Scratch space	Estimates are based on a worst-case scenario.	Estimates are based on linear regression.
Disk space	Estimates are based on a worst-case scenario.	Estimates are based on linear regression.
CPU utilization	Not estimated.	Estimates are based on linear regression.
Number of records	Estimates are based on a best-case scenario. No record is dropped. Input data is propagated from the source stages to all other stages in the job.	Dynamically determined. Best-case scenario does not apply. Input data is processed, not propagated. Records can be dropped. Estimates are based on linear regression.
Record size	Solely determined by the record schema. Estimates are based on a worst-case scenario.	Dynamically determined by the actual record at run time. Estimates are based on linear regression.
Data partitioning	Data is assumed to be evenly distributed among all partitions.	Dynamically determined. Estimates are based on linear regression.

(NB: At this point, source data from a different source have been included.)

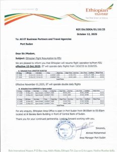 أعلنت الخطوط الجوية الإثيوبية استئناف رحلاتها من وإلى مطار بورتسودان الدولي، اعتبارًا من 15 أكتوبر 2025، برحلة يومية وحتى نهاية الشهر، على أن يرتفع العدد إلى رحلتين يومياً بدءًا من 1 نوفمبر المقبل.
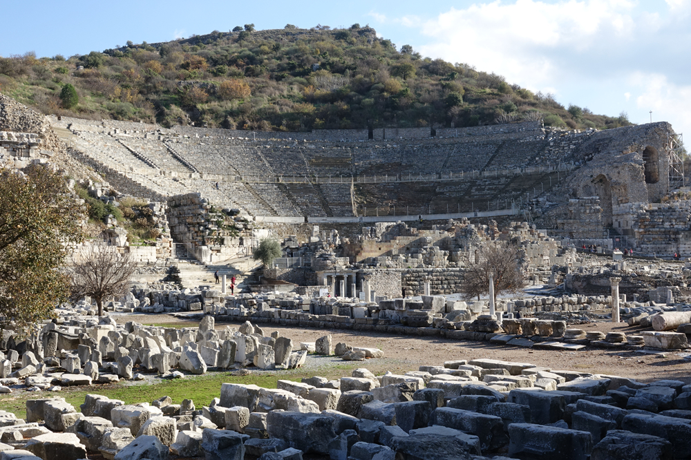從北門(下層)入口進(jìn)入古城。一路就置身于大劇場的雄偉。李仁奇 攝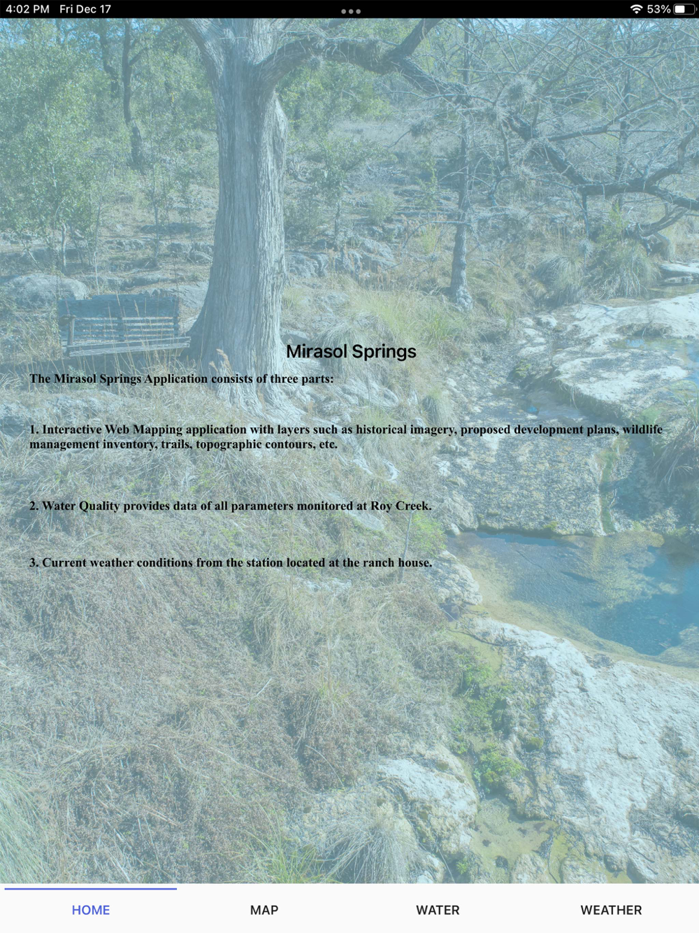 All new layout. Simplified version with one password protected map, water quality monitoring data tab for Roy Creek, and current weather conditions.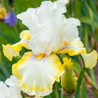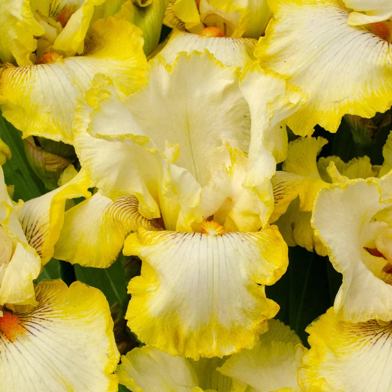 A fragrant award winner with a unique sense of style, this iris stuns with twin borders of yellow and white along sun-coloured falls. Rich burgundy-red veining and tangerine beards add touches f brilliance to an already special bloom. Seldom offered, so be sure to get them while you can. Ideal for borders, mass plantings and bouquets. Perennializes well.

When a model is based on a worst-case scenario, the model uses maximum values. For example, if a variable can hold up to 100 characters, the model assumes that the variable always holds 100 characters. When a model is based on a best-case scenario, the model assumes that no single input record is dropped anywhere in the data flow.

The accuracy of a model depends on these factors:

Schema definition: The size of records with variable-length fields cannot be determined until the records are processed. Use fixed-length or bounded-length schemas as much as possible to improve accuracy.

Input data: When the input data contains more records with one type of key field than another, the records might be unevenly distributed across partitions. Specify a data sampling range that is representative of the input data.

Parallel processing environment: The availability of system resources when you run a job can affect the degree to which buffering occurs. Generate models in an environment that is similar to your production environment in terms of operating system, processor type, and number of processors.